Knowing the caller was gone, Rebecca began to shake.
CHAPTER TWO
DANIEL BYLER PULLED his squad car to the curb to let a bus pass. Having already noticed several buggies and horses lining the street, he assumed an Amish visitor was expected. Come to think of it, weren’t Roy and Nancy Schwartz supposed to be arriving about now from Iowa?
Roy was a cousin of his, although Daniel had lost track of whether they were second cousins or first once removed or... It didn’t matter. The Amish tended to have a lot of children, and family networks sprawled and frequently tangled. Daniel and Roy had played together as boys. Too much had passed for them to reconnect as friends, but he did hope his parents would invite him to dinner sometime during the visit so he could say hello.
The bus groaned to a stop in front of the general store. Daniel got out of his car, careful not to jostle the people exiting the bus. He didn’t see anyone from his direct family among those waiting on the sidewalk. Apparently, this wasn’t the day Roy and his wife and children would arrive. Emma and Samuel Graber, members of his parents’ church district and their contemporaries in age, stood in front of this group. Leaning a shoulder against the brick building, Daniel exchanged nods with them.
As usual, it was the Englisch passengers who got off first.

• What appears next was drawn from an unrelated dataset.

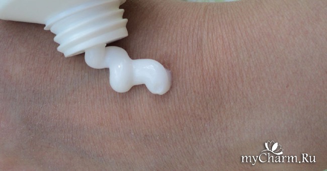 Внешне крем абсолютно белого цвета, однородная и непрозрачная текстура. Не густой, больше похож на лосьон: конечно, не выливается, но и не стоит густой каплей.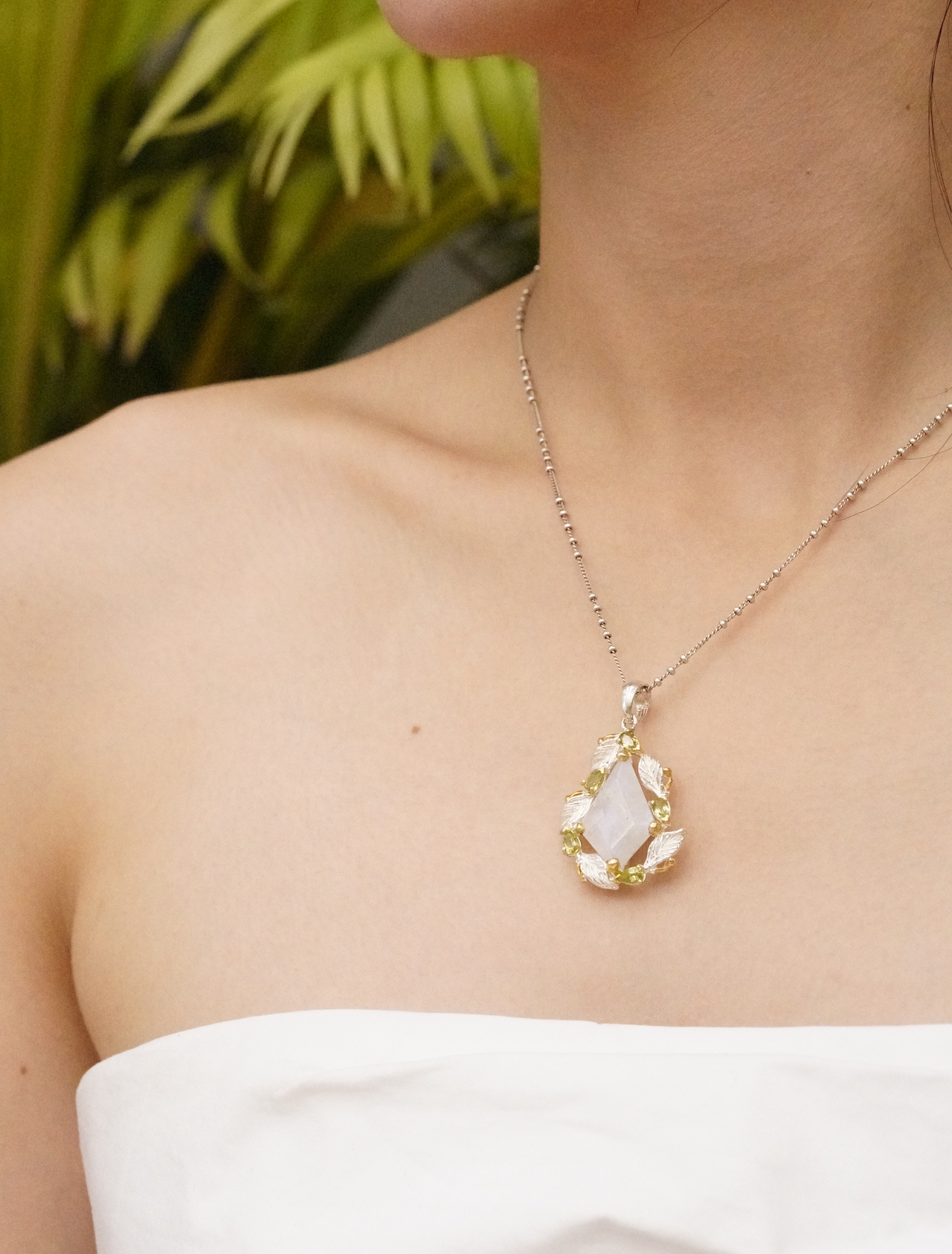 나뭇잎 모티브를 재해석하여 표현한 실버와 페리도트, 파셋 컷팅된 문스톤과 아름답게 어우러져

They had a way of assuming it was their right. That wasn’t fair, Daniel realized, thinking of his good friends among the non-Amish in his county. There was no way around it, though—they had a different way of thinking.
And me? How do I think? he asked himself, as he did daily. Betwixt and between, that was him.
Finally a slender Amish woman wearing the usual black bonnet stepped off, reaching back to help a young boy down. Looking tired and shy, the boy pressed himself to his mother. The woman lifted her head to scan her surroundings, her gaze stopping on Daniel in what he thought was alarm.
He straightened on a jolt of anger, followed by curiosity. One side of her face was discolored and swollen. The eye on that side opened only a slit. Had she been in an accident? Or was she a victim of spousal abuse?